[STUDY MATERIAL Boundary: Start]

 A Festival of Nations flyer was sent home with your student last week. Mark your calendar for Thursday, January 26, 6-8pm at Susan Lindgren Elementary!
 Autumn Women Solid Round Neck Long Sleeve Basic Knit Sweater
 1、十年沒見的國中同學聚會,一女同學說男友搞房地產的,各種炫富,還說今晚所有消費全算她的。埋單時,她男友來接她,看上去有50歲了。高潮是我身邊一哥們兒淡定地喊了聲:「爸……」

[STUDY MATERIAL Boundary: End]
[STUDY MATERIAL Boundary: Start]

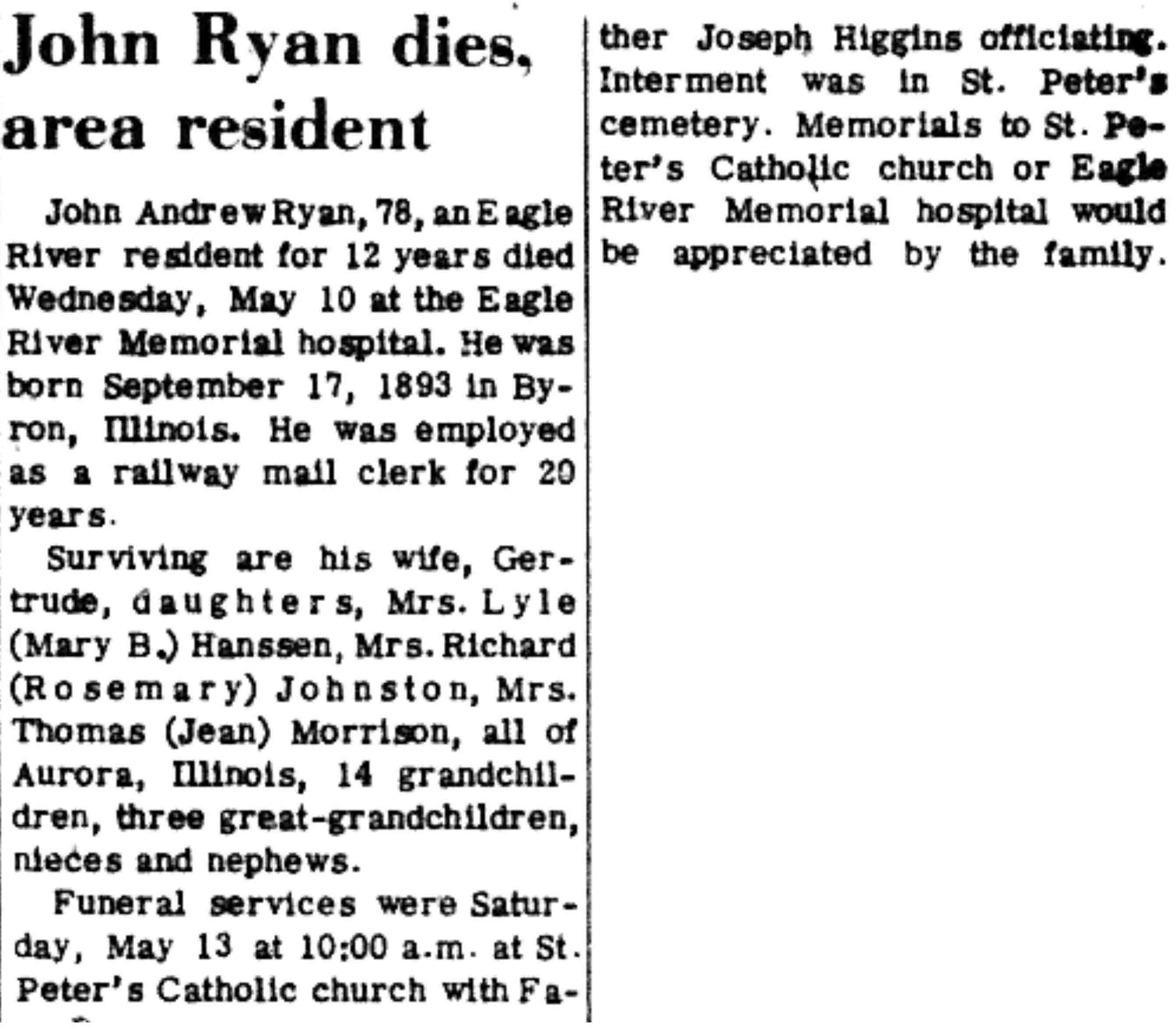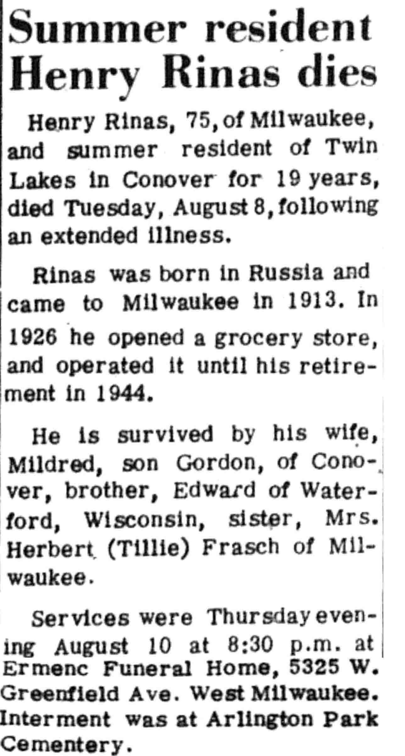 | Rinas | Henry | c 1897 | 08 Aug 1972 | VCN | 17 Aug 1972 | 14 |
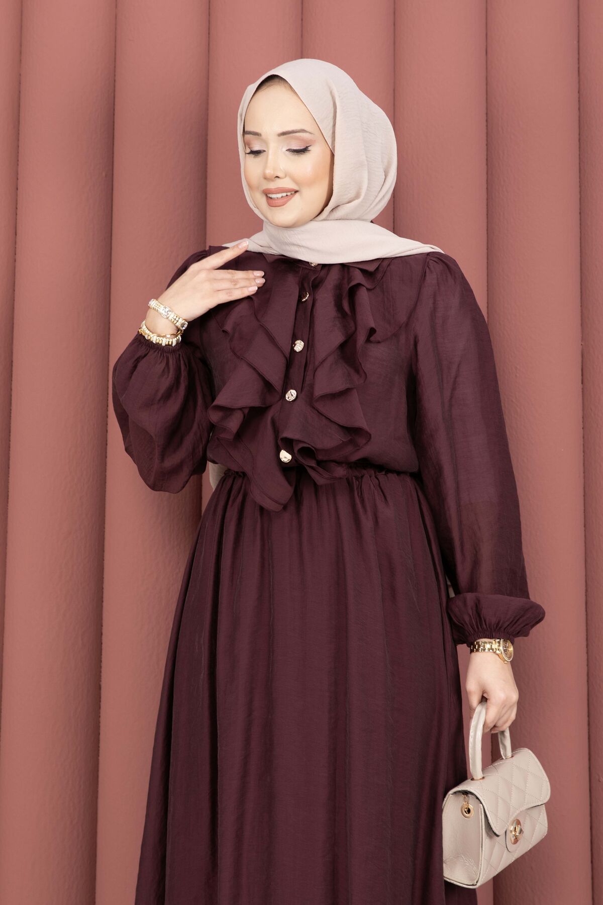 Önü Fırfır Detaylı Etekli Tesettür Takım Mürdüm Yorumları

[STUDY MATERIAL Boundary: End]
[STUDY MATERIAL Boundary: Start]

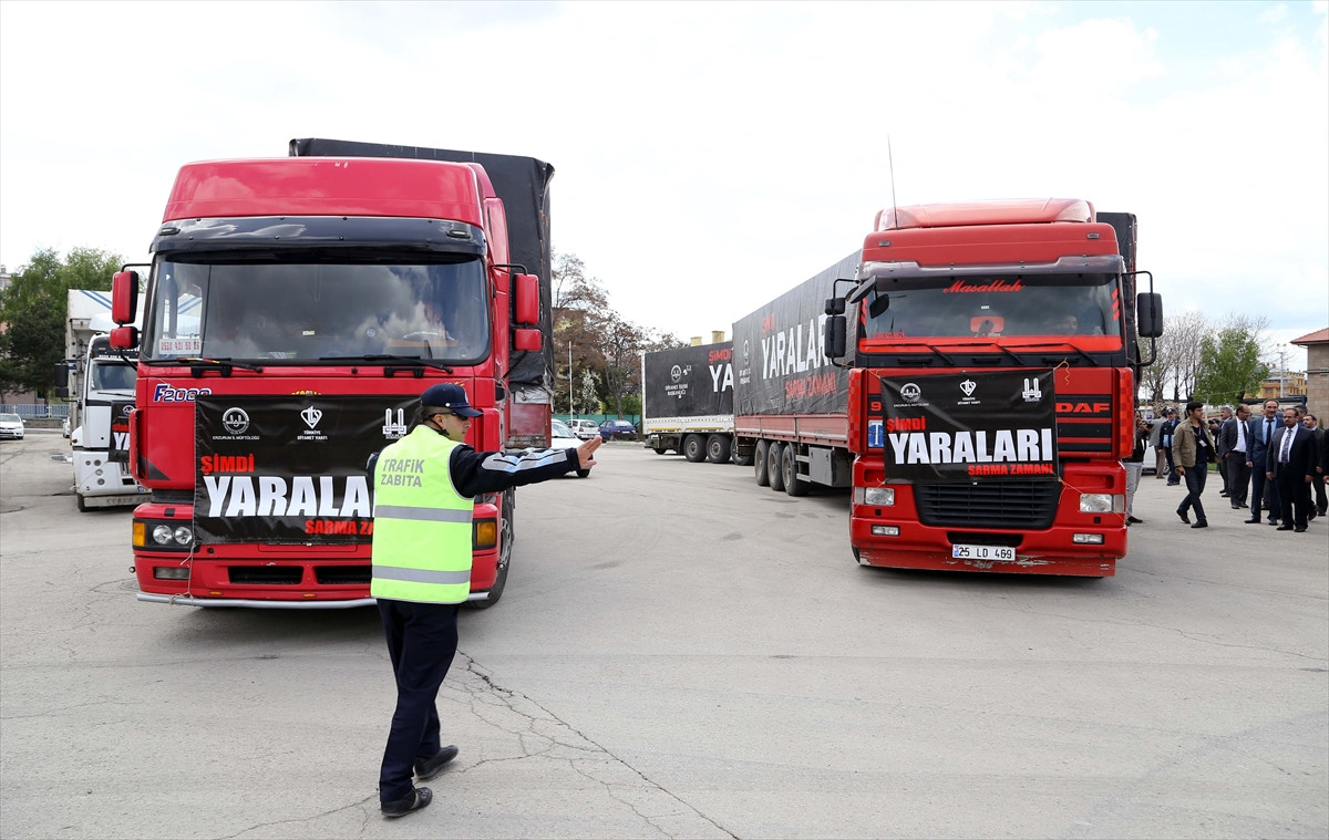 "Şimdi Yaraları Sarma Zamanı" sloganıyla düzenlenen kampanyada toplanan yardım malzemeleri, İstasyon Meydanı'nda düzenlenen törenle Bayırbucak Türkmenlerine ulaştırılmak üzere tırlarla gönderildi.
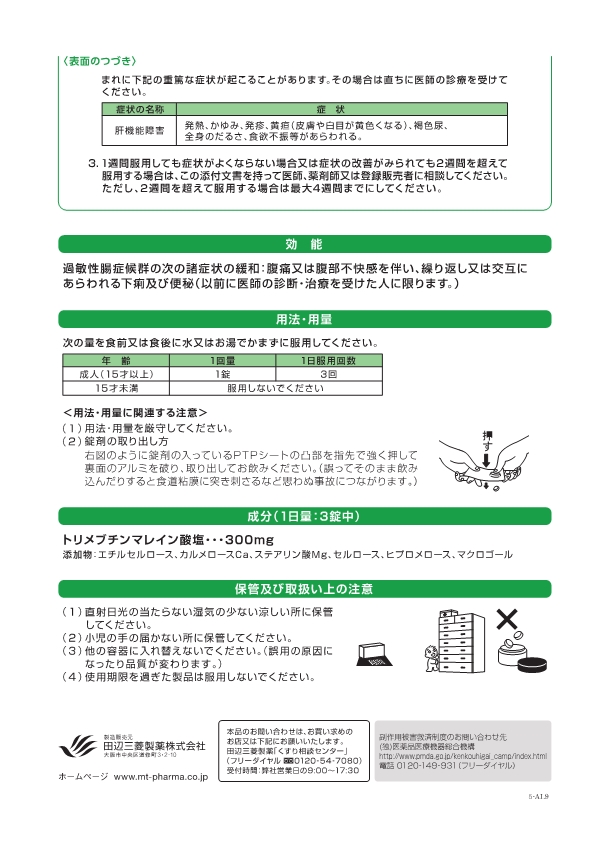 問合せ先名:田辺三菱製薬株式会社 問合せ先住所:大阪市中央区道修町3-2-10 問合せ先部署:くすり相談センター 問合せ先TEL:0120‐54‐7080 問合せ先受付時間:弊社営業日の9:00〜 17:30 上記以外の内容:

[STUDY MATERIAL Boundary: End]

• [WORK REQUIRED]:
When the line with "Autumn Women Solid" is reached in the data above, begin copying, and stop after the line with "1、十年沒見的國中同學聚會,一女同學說男"; copy each line exactly, both ends included.

• [TASK RESULT]:
 Autumn Women Solid Round Neck Long Sleeve Basic Knit Sweater
 1、十年沒見的國中同學聚會,一女同學說男友搞房地產的,各種炫富,還說今晚所有消費全算她的。埋單時,她男友來接她,看上去有50歲了。高潮是我身邊一哥們兒淡定地喊了聲:「爸……」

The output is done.